Turkey

Turkey Evacuates Some Flooding Victims; Death Toll Hits 62

The heavy flooding came after Turkey endured a searing heat wave and as crews in the south were taming wildfires that raced across the country's Mediterranean coast

Workers clear the mud from a street in Bozkurt town of Kastamonu province, Turkey
AP Photo

Turkey sent ships to help evacuate people and vehicles from a northern town on the Black Sea that was hard hit by flooding, as the death toll in the disaster rose Sunday to at least 62 and more people than that remained missing.

Torrential rains pounded the country's northwestern Black Sea provinces on Wednesday, causing flooding that demolished homes, severed bridges, swept away cars and rendered numerous roads unpassable. The Turkish disaster agency AFAD said 52 people were killed in the province of Kastamonu, nine in Sinop and one in Bartin.

Turkey’s interior minister said 77 people were still missing in the flooding. Eight remained hospitalized.

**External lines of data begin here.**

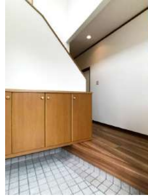
「玄関」吹き抜けがあるので開放感があります。
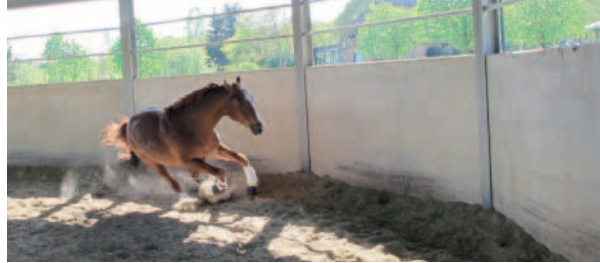
Mein „Que Lindo“ wurde mithilfe der Homöopathie von einer lebensbedrohlichen Erkrankung geheilt.

Akute Erkrankungen wie Infektionen und Entzündungen, Schock, Verletzungen aller Art, Atemwegerkran- kungen oder Erkrankungen des Verdauungsapparates können bei Verabreichung der richtigen homöopathi-
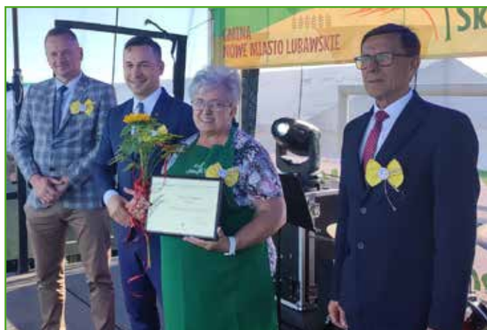
Wyróżnienia dla KGW

Emergency crews across the region kept up the search for the missing amid the many buildings that have partially collapsed. The Turkish defense ministry sent two ships to evacuate people and vehicles from a town in Sinop. They also sent military vehicles that can serve as temporary bridges to help get access to areas where bridges were wiped out.

Israel’s defense ministry said Sunday it had reached out to Turkey with an offer to send a search-and-rescue team.

The heavy flooding came after Turkey endured a searing heat wave and as crews in the south were taming wildfires that raced across the country's Mediterranean coast.

Climate scientists say there's little doubt that climate change from the burning of coal, oil and natural gas is driving more extreme events — such as heat waves, droughts, wildfires, floods and storms — as the Earth warms.